GDDS—gross motor, a total of 235 participants were included in five studies (35, 46, 57, 60). Data were compared using different scales; thus, we calculated pooled statistics with SMDs [I2 = 88%; SMDs = 1.11; 95% CI (0.29, 1.94); P < 0.001]. Heterogeneity was found. Further sensitivity analysis revealed that one study (35) (Wang Li Fan et al.) used the DA of GDDS and differed from other studies, which used the DQ of GDDS, and was considered a possible cause of heterogeneity. The analysis was performed after its removal, as well as selected means, and standard deviations (MD) (P = 0.94 and I2 = 0%). GDDS—fine motor, a total of 178 participants were included in three studies (35, 46, 57) (P = 0.56 and I2 = 0%). GDDS–adaptability, a total of 334 participants were included in four studies (35, 46, 57, 59). Given that data were compared using different scales, we calculated pooled statistics according to SMDs [I2 = 93%; SMDs = 1.12; 95% CI (0.88, 1.36); P < 0.001]. Heterogeneity was found. Further sensitivity analysis revealed that one study (59) (Wang Ying Hong and Ma Bing Xiang) had an extremely large sample size, which was considerably higher than the those of the other studies. This factor was analyzed as a possible cause of heterogeneity, and analysis was performed after its removal. SMDs were selected (P = 0.70 and I2 = 0%). GDDS–language, a total of 178 participants were included in three studies (35, 46, 57). Given that data were compared using different scales, we calculated pooled statistics by using SMDs [I2 = 85%, SMDs = 0.50; 95% CI (0.19, 0.80); P < 0.001]. Heterogeneity was found. Further sensitivity analysis revealed that one study (35) (Wang Li Fan et al.) used the cerebral hemisphere motor cortex site of stimulation in contrast to the other studies, which used the bilateral cerebral motor cortex. This factor was analyzed as a possible cause of heterogeneity, and analysis was performed after its removal. SMDs were selected (P = 0.59 and I2 = 0%). GDDS–personal–social responses, a total of 178 participants were included in three studies (35, 46, 57). Given that data were compared using different scales, we calculated pooled statistics by using SMDs (P = 0.51 and I2 = 0%). The analysis results were statistically significant and those results favors rTMS, as shown in Figure 10.
Figure 10
3.5.3. FMFM
A total of 532 participants were included in six studies (37, 39, 42, 54–56). Given that data were compared using different scales, we calculated pooled statistics by using SMDs (P = 0.40 and I2 = 3%). We used a fixed-effect model and the result favors rTMS, as shown in Figure 11.
Figure 11
3.5.4. PDMS
The PDMS included four domains of the study, namely, grasping, visual–motor integration, Gross Motor Quotient (GMQ), and Fine Motor Quotient (FMQ) score (63). The analysis was performed according to the four domains.

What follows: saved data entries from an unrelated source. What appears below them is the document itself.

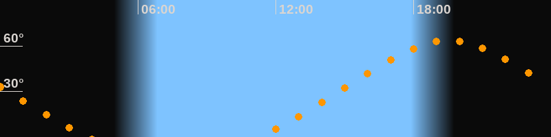 Höchster Stand (Kulmination)19:31 Uhr (h = 63,6°)
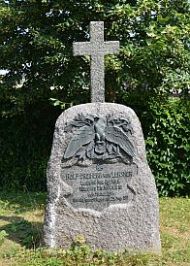 Grabstein mit Preußen-Adler Inschrift: Dulce et Decorum Patria Mori und darunter: Ritter des Eis. Kr. I. u. II. Kl. fiel als Kampfflieger.
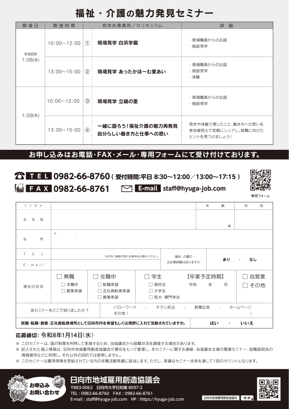 【申込方法】下記の申込フォーム、電話、または、参加申込書に必要事項を記入のうえ、FAX・メールでも受け付けております。申込後3日以内(土日祝日を除く)に電話またはメールで受付確認のご連絡をさせていただきます。3日を過ぎてもご連絡がない場合はお手数ですが日向市地域雇用創造協議会にご連絡いただきますようお願いいたします。
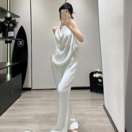 | nameOriginal | Summer wear with a set of this year's fashion relaxed streamer back hanging neck vest wide leg pants two-piece women |
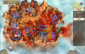 除了上述两个小技巧外,玩家还需熟悉邪魔的常出没点,在确认当前地图存在高品质邪魔时,精准快速地找到并获取经验。邪魔主要出现在云云灵山、成都西郊、天化村这三个地图中,具体的出没地点如下:
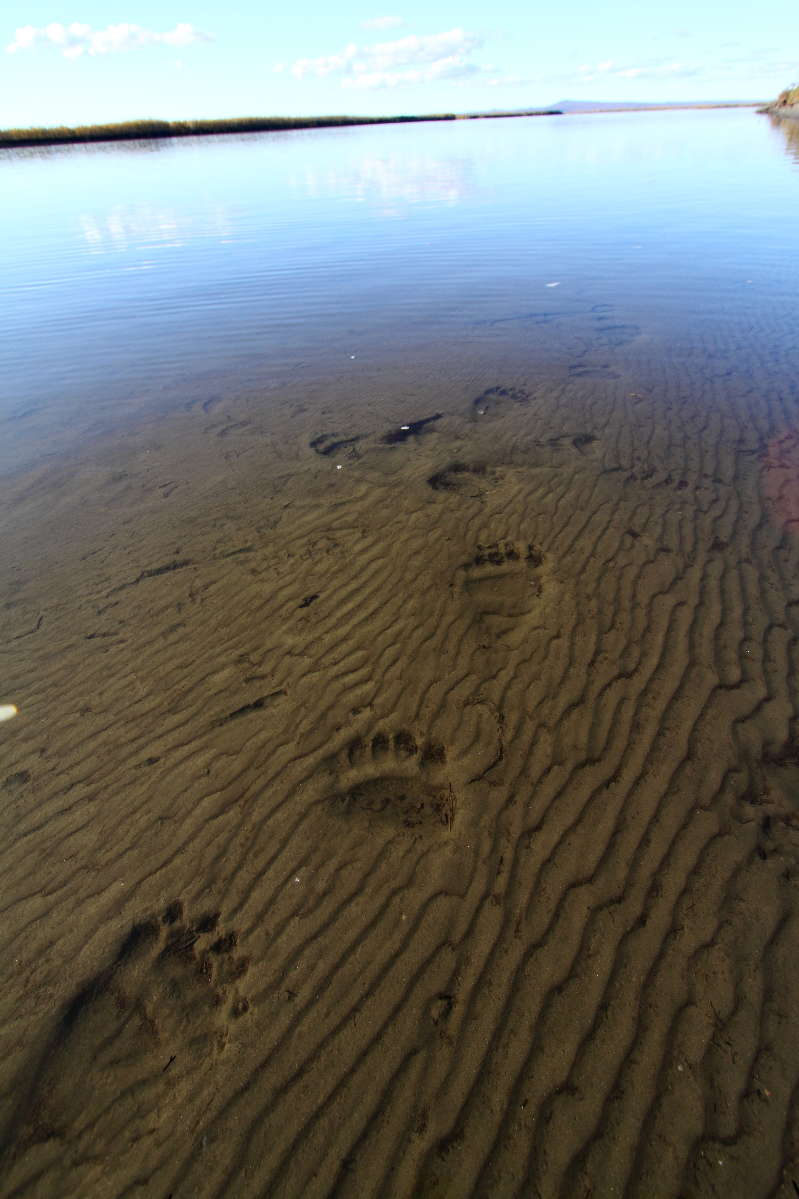 — Bear tracks mark silt in the shallow edge of the Noatak River.

PDMS–visual–motor integration, a total of 119 participants were included in two studies (46, 47) (P = 0.80 and I2 = 0%). We used a fixed-effect model. PDMS–grasping, a total of 119 participants were included in two studies (46, 47) (P = 0.49 and I2 = 0%). We used a fixed-effect model. PDMS–FMQ, a total of 224 participants were included in three studies (36, 44, 48) [I2 = 76%; MD = 10.00; 95% CI (7.82, 12.17); P < 0.01]. Subgroup and sensitivity analyses found no significant change in heterogeneity. We selected the random-effect model. PDMS–GMQ, a total of 300 participants were included in two studies (38, 42) (P = 0.24 and I2 = 26%). We used a fixed-effect model. Those result favors rTMS, as shown in Figure 12.
Figure 12
3.5.5. MAS
A total of 483 participants were included in four studies (39, 44, 49, 52) [I2 = 80%; MD = 0.40; 95% CI (0.31, 0.50); P < 0.001]. Heterogeneity existed. We performed a subgroup analysis. According to the site of muscle spasm test, the group was divided into two subgroups, namely, the upper and lower limbs. For the upper limb subgroup (39, 52), P = 0.71 and I2 = 0%. We selected the fixed-effect model. For the lower limbs subgroup (44, 49), I2 = 93%. The high heterogeneity found in the analysis may be due to the high sample size of the study (49), we used a random-effect model. The analysis results of two subgroups were statistically significant and those results favors rTMS, as shown in Figure 13.
Figure 13
3.5.6. S-S
This research analyzed the language situation according to three aspects, namely, language improvement rate, expression quotient, and comprehension quotient.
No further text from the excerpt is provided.